### DESCRIPTION OF THE TASK
Give the data below again exactly as written, but without the pictures.

### DATA

------------------------------------------------------------------------

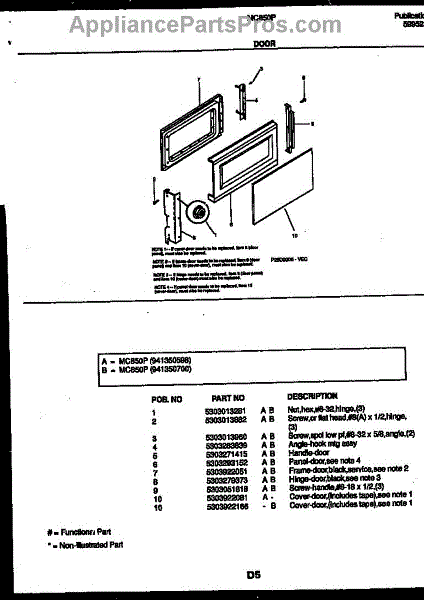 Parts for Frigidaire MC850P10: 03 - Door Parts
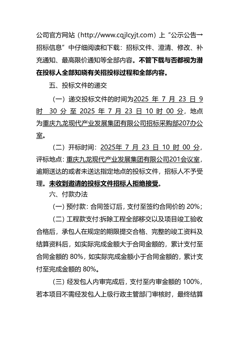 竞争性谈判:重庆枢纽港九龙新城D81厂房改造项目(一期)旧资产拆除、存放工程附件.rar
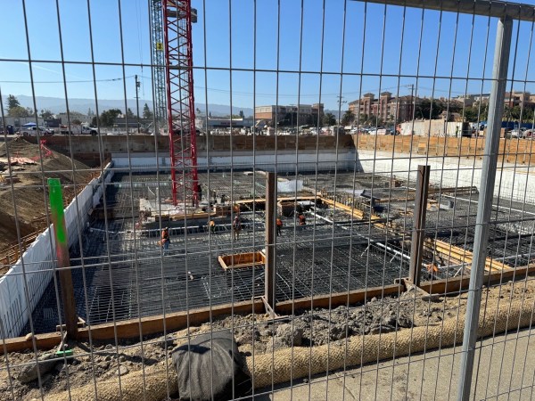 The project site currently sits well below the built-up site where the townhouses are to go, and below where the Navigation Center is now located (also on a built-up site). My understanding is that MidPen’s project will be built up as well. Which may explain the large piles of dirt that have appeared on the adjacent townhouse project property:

------------------------------------------------------------------------

### REPLY
 Parts for Frigidaire MC850P10: 03 - Door Parts
 竞争性谈判:重庆枢纽港九龙新城D81厂房改造项目(一期)旧资产拆除、存放工程附件.rar
 The project site currently sits well below the built-up site where the townhouses are to go, and below where the Navigation Center is now located (also on a built-up site). My understanding is that MidPen’s project will be built up as well. Which may explain the large piles of dirt that have appeared on the adjacent townhouse project property:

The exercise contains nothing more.